Ему казалось, что наступило опять время для деятельности, и Товянский, с которым он возобновил еще в 1853 году прерванную было перед этим переписку, укреплял его в этом мнении. Итак, выхлопотав себе у французского правительства поручение, касавшееся образования польских легионов, он отправился в Константинополь. Недолго, однако, ему пришлось пробыть в этом городе: прожив здесь около двух месяцев, причем все это время было посвящено хлопотам по устройству польских легионов, он опасно заболел и 28 ноября 1855 года скончался, почти 58 лет от роду.
Тело его было перевезено в Париж и похоронено на кладбище Монморанси; лишь в 1890 году оно было перенесено на польскую землю – в Краков.

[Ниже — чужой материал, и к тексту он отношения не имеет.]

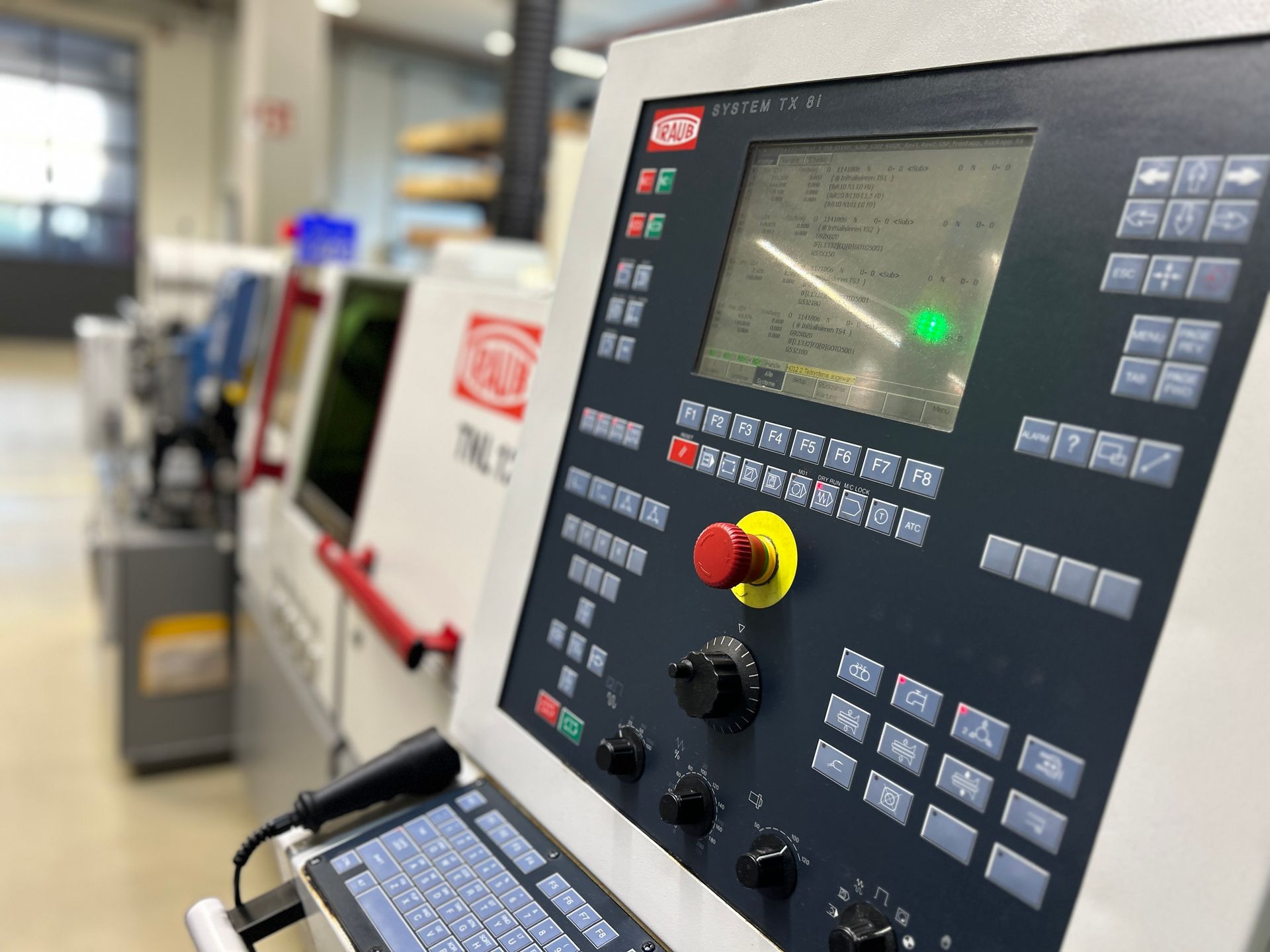 Traub CNC Drehmaschine TNL12, TX8I, Bj.2008, Ma.Nr.>850 C-Achse, Bremse auf HSP und GSP, rot. Werkzeugantrieb, FMB Minimag 18 Stangenlademagazin, nur in Öl gelaufen, Spänewanne, kein Späneförderer. (Ohne Absaugung, ohne Werkzeuge) Werkzeuge können nach Bedarf und Verfügbarkeit angeboten werden. Guter Zustand, unter Strom bis ca.24.02.2026 Ab Standort/Abbau, wie besichtigt, getestet.
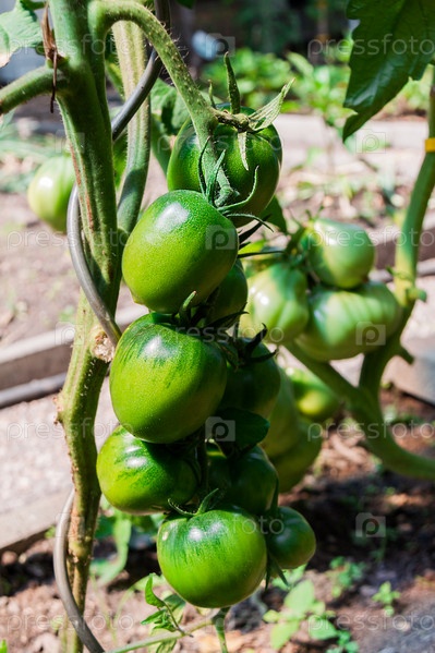 Зеленые помидоры, растущие на ветке

Так закончилась эта жизнь великого поэта, заключавшая в себе немало странного и еще больше мрачного, жизнь, в течение которой на его долю выпало гораздо больше горя и разочарования, чем радостей. Его увлечение мистицизмом, вытекавшее как из личных особенностей его натуры, так и изо всей общественной обстановки, в которой он вырос и действовал, наложило мрачную тень на всю вторую половину его жизни, особенно тяжелую и страдальческую, очевидно, для него самого. С мистическим направлением у него связывались, однако, широкие общественные идеалы. Невозможность примирения этих начал теперь очевидна сама собою; она ясно сказалась, между прочим, и в судьбе самого польского поэта, и проповедовавшегося им учения, вместе с ним сошедшего в могилу. Но, зная это, мы должны для правильной оценки этого увлечения, помимо всех личных обстоятельств жизни Мицкевича, помнить и то, что мысль о решении всех запросов, представляющихся жизнью человечества, путем нравственно-религиозного экстаза, переходящего в мистицизм, издавна имела широкое распространение и почти на наших глазах обольщала весьма сильные умы. Как бы то ни было, эти личные заблуждения Мицкевича исчезли бесследно, – но живет другая сторона его деятельности, равным образом неразрывно связанная с его личностью, – его поэзия, впервые давшая польской литературе общеевропейское значение.